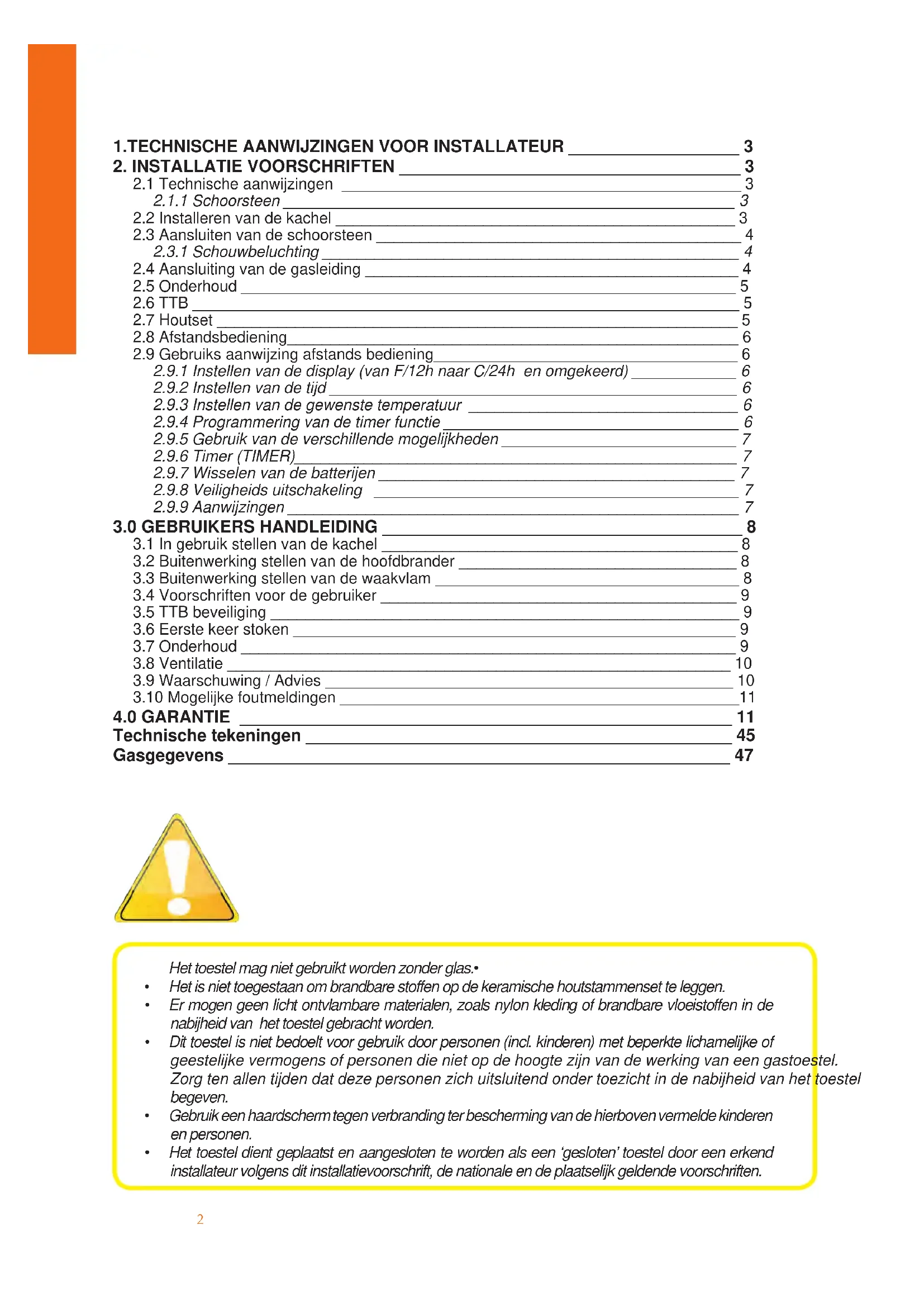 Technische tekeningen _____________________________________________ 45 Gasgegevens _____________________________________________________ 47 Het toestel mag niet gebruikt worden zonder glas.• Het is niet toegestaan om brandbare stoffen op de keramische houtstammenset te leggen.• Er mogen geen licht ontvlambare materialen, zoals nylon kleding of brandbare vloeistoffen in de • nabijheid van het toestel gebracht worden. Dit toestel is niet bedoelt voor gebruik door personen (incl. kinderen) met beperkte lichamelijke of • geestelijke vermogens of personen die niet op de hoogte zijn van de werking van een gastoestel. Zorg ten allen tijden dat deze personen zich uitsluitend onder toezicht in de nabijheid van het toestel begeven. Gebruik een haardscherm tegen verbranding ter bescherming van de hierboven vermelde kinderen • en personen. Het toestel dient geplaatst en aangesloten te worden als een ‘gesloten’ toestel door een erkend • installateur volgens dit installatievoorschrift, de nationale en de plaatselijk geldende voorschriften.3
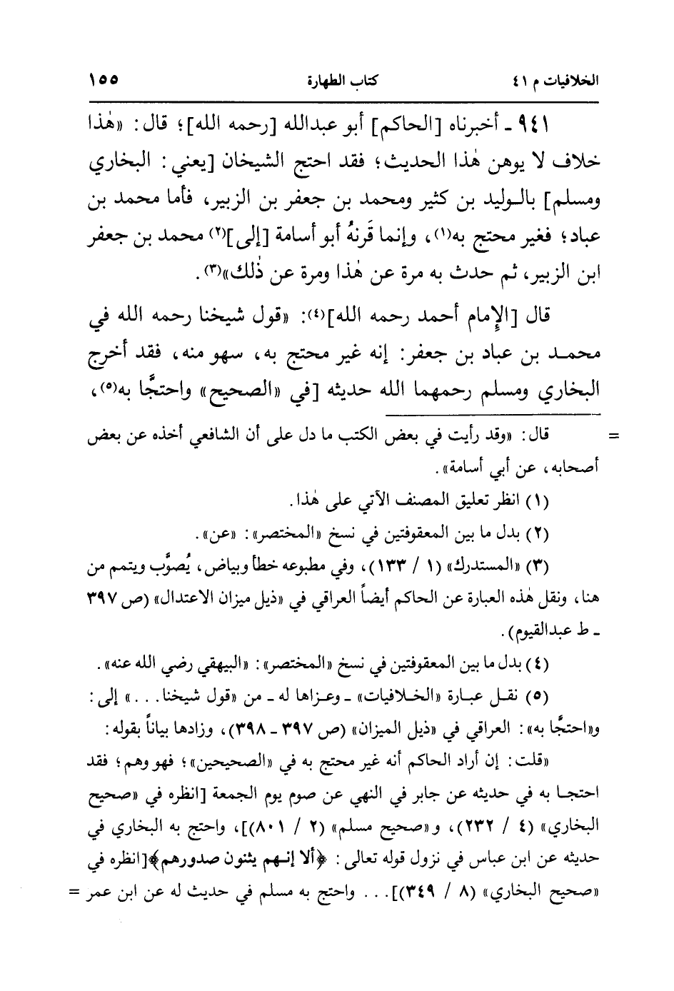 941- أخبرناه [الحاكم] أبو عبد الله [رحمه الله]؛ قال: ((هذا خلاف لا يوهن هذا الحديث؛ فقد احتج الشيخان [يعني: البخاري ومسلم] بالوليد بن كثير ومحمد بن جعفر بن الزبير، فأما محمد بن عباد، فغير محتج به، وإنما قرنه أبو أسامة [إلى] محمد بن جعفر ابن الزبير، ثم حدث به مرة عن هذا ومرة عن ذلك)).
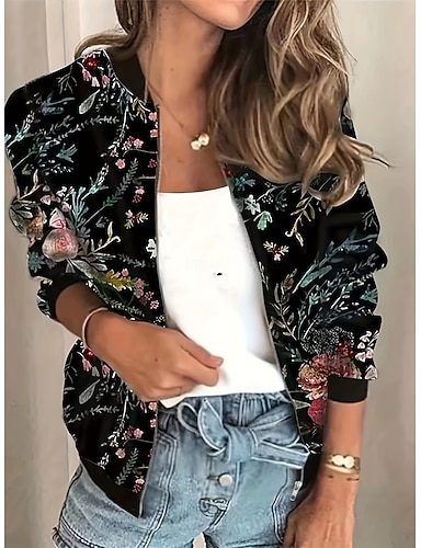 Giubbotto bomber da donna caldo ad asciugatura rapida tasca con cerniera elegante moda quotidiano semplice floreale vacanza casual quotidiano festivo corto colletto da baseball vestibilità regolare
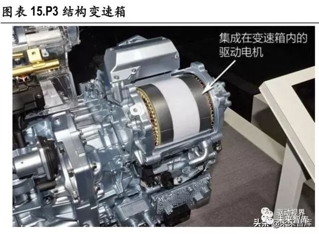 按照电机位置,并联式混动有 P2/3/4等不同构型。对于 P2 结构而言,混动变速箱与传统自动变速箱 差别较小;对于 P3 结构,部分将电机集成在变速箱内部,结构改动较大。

============================================================

• **WHAT THE TASK REQUIRES**
Quote exactly the lines from the line that contains "Giubbotto bomber da" through the last line of the listing, please, leaving out all pictures.

• **COMPLETED EXERCISE**
 Giubbotto bomber da donna caldo ad asciugatura rapida tasca con cerniera elegante moda quotidiano semplice floreale vacanza casual quotidiano festivo corto colletto da baseball vestibilità regolare
 按照电机位置,并联式混动有 P2/3/4等不同构型。对于 P2 结构而言,混动变速箱与传统自动变速箱 差别较小;对于 P3 结构,部分将电机集成在变速箱内部,结构改动较大。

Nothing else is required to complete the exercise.